Renaming multiple files using PowerShell

4/23/2017

0 Comments

 
For the PC owners: Have you ever used Windows PowerShell? It's something akin to Command Prompt, and can be utilized for task automation. It provides a really easy way to batch rename hundreds of files in a folder.
Specifically, I had hundreds of individual file names containing a "-" that needed to be replaced or removed, and I was looking for something straightforward for changing the names. I found Windows PowerShell, which is a management framework that was developed about ten years ago. I discovered it was pretty easy to use PowerShell for this task and others like it, and thought I'd share it here!

Here's how to get set up:
All your files should be in one folder, which you'll designate as your working directory. Open PowerShell on your PC. You can just type "powershell" into the search box in Windows 10. A window will open.
To navigate to your folder of files, type "cd" (change directory) at the prompt and then add a space. Drag and drop your working folder into the PowerShell window. The drag and drop puts the whole file path into place for you. Press enter and you'll see that you're now operating out of your folder. 
Picture
My files are all in a folder called "files_to_rename". This folder is now set as my working directory.

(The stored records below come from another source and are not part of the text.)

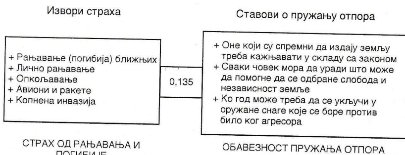
Структура другог каноничког пара 6

Трећи канонички фактор скупа извора страха у ситуацији агресије („А 3 “) у позитивној је корелацији са страхом од несташице струје и воде (0,571), експлозије бомби (0,226) и страхом од рањавања (0,221). Сходно томе, тај фактор је одређен као страх од угрожавања живота и животних потреба (табела 10).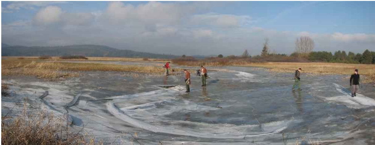
Slika 03: Cerkniško jezero pozimi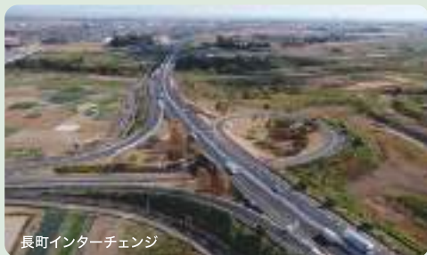
長町インターチェンジ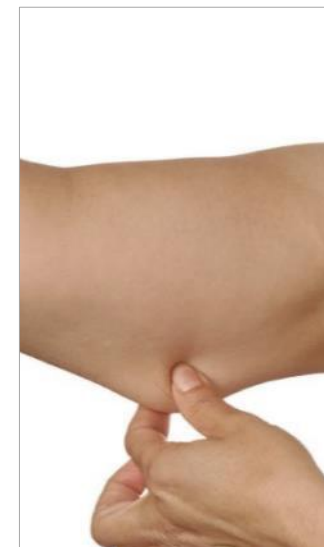
СНИЖЕНИЕ МЫШЕЧНОГО ТОНУСА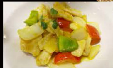
242. Pollo in salsa Curry 5.50€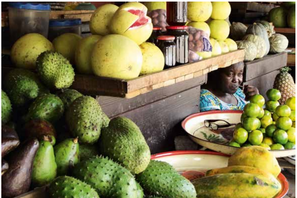
2. Soberanía alimentaria en los proyectos de desarrollo, 2010.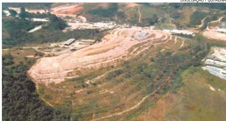
Saída - Prefeitura já estudava recorrer ao espaço do Cabucu até 2024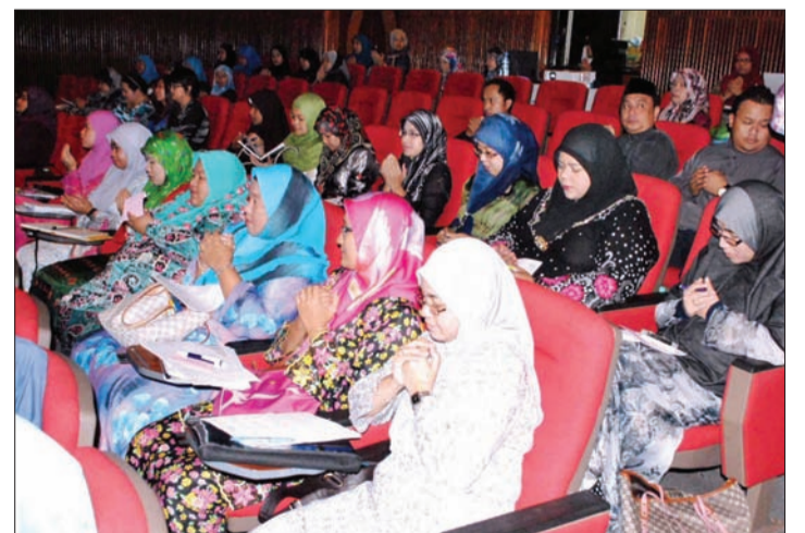
GURU-GURU besar dan penolong guru besar serta guru-guru Bahagian Literasi dan Numerasi menghadiri Majlis Penyelidikan Data Literasi dan Numerasi Panaga.

Beliau berkata, Sekolah Rendah Panaga merupakan penggerak utama yang menggunakan kaedah tersebut dan pada majlis tersebut, guru-guru sekolah berkenaan berkongsi sama dengan guru-guru dari sekolah lain bagaimana cara membuat kaedah berkenaan.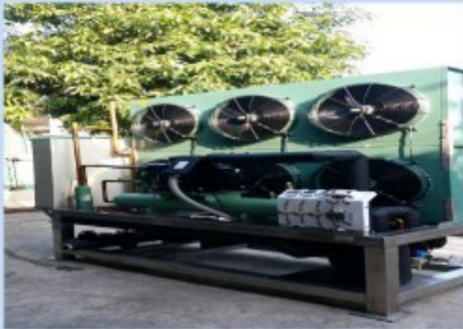
เครื่องผลิตน้ำเย็น / WATER CHILLER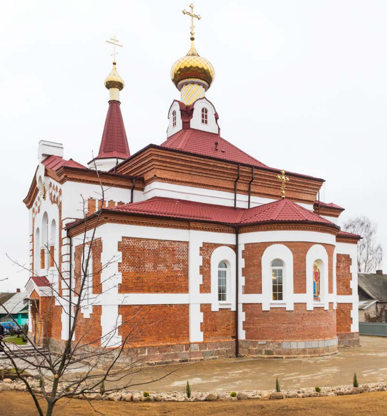
Храм в честь Архангела Михаила в деревне Зембин Борисовского района Минской области. Освящен 16 ноября 2014 года Его Высокопреосвященством Митрополитом Минским и Заславским, Патриаршим Экзархом всея Беларуси Павлом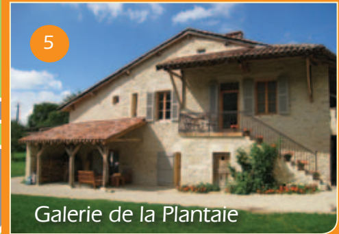
5 Galerie de la Plantaie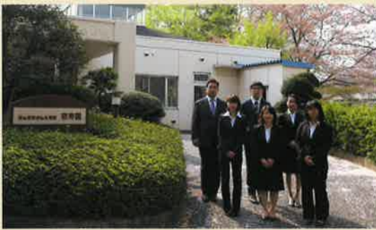
社会福祉法人欣彰会 6名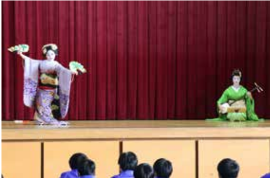
優雅で美しい踊りをする舞妓さん

福田中学校で、生徒たちに質の高い文化芸術に触れてもらうため、京都を象徴する「舞妓さん」と「芸妓さん」をお招きしました。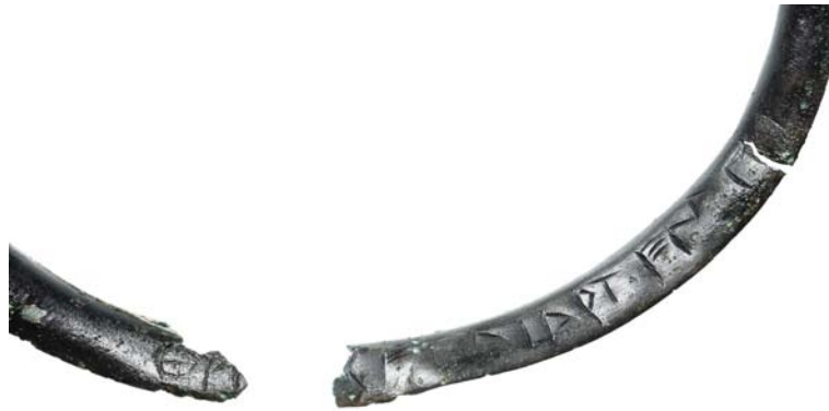
Εικ. 3. Τα ίδια θραύσματα με διαφορετικό φωτισμό.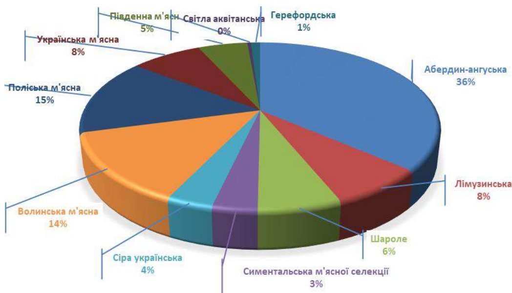
Рис. 2. Питома вага племінної великої рогатої худоби м'ясного напрямку продуктивності вітчизняних та імпортованих порід

Лімузинська порода є четвертою за представництвом серед зарубіжних селекційних досягнень м'ясного напрямку продуктивності. Загальна чисельність племінного поголів'я цієї породи становить 1909 гол., у 4 племінних підприємствах, з них у племінних заводах 955, у племрепродукторах 954 гол. Породу лімузин розводять в 2 племінних заводах "ТОВ "Агрікор Холдинг", СТОВ Ратнівський аграрій, в 2 племрепродукторах ТОВ "Баффало", ФГ "Велес".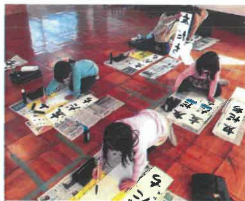
<3年生の書き初めの様子>

今年度も各学級で距離をとって行いました。作品は、各教室の廊下掲示版に掲示をしています。授業参観の際には、またご覧いただきたいと思っています。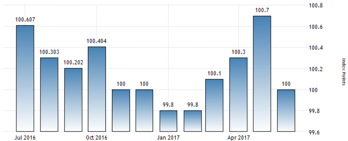
ISRAEL CONSUMER PRICE INDEX (CPI)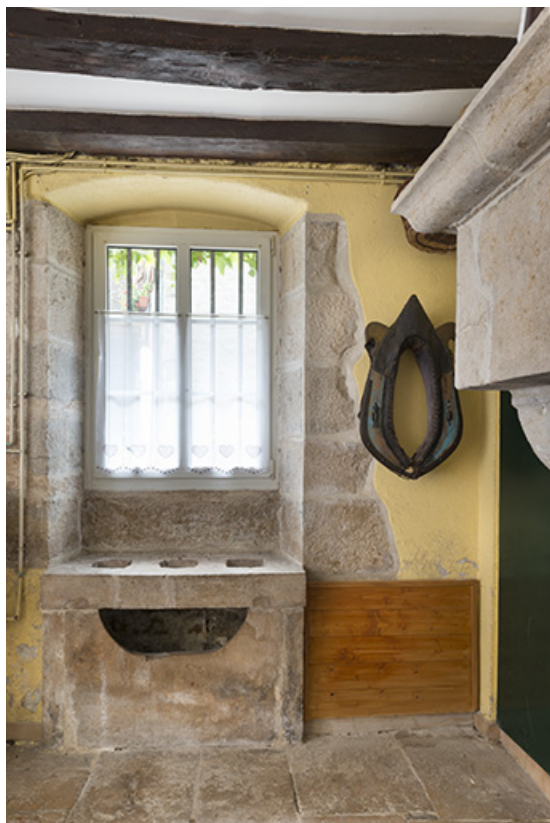
Fenêtre de la cuisine, façade sur rue de l'Eglise.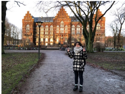
スウェーデン・ルンド大学: 大学図書館前

ルンド大学への留学を通して、私は環境分野の研究を行っている教授や先輩方と交流する機会を持つことで自分の研究に対するモチベーションを高めることができました。2ヶ月半の研修期間中には自分の卒業研究をプレゼンテーションすることがあり、自分が大学4年間で学んだ成果を外部で披露することはとても勉強しがいのあることだと感じられました。英語によるコミュニケーションはうまくいかないことばかりでしたが、自分なりに工夫したり友人や教授らに支えられたりして乗り越えました。これらの経験は私にとって大きな自信となったので、留学に挑戦して良かったと思っています。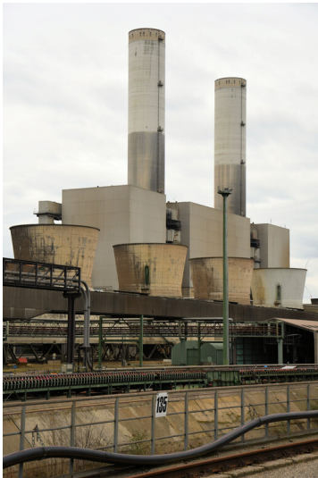
Kraftwerk Frimmersdorf II: REA-Wäschergebäude für die Blöcke E/F und G/H (Mitte), Ansicht von Nordwesten; Foto: 22.03.2023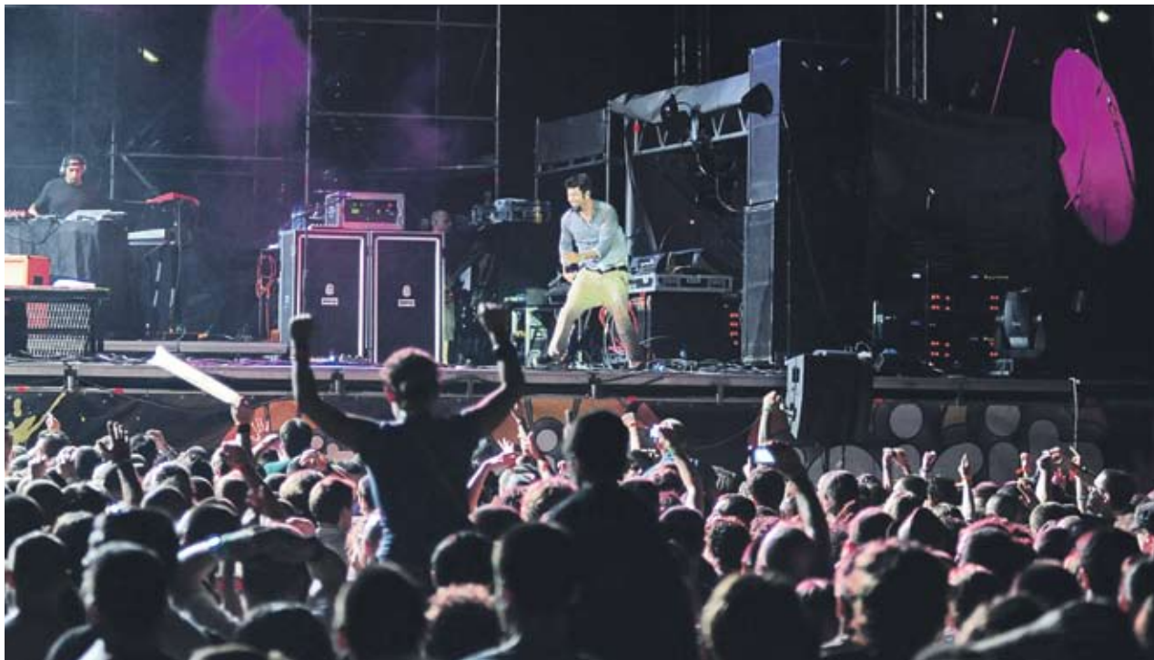
Въпреки недоброто озвучаване Чино Морено от Deftones гаже всичко от себе си

И последната вечер от Spirit of Burgas показва, че алтернативната сцена не изостава по талант и популярност

to do a batch rename on the files in your current directory:
Picture
original filenames
Picture
modified filenames
Picture
alternate renaming
There is just one line of code that you paste in to PowerShell.
dir | rename-item -NewName {$_.name -replace "-","_"}
Here, all you have to modify is what is found in the quotes. The 1st set of quotes contains the piece of the file to replace (a dash), and the 2nd set of quotes contains the string you want (an underscore). Alternatively, if you do not want any character, leave the second set of quotes empty, with no space (as in: -replace "-",""). If you have some files that don't match the string exactly, they will be ignored.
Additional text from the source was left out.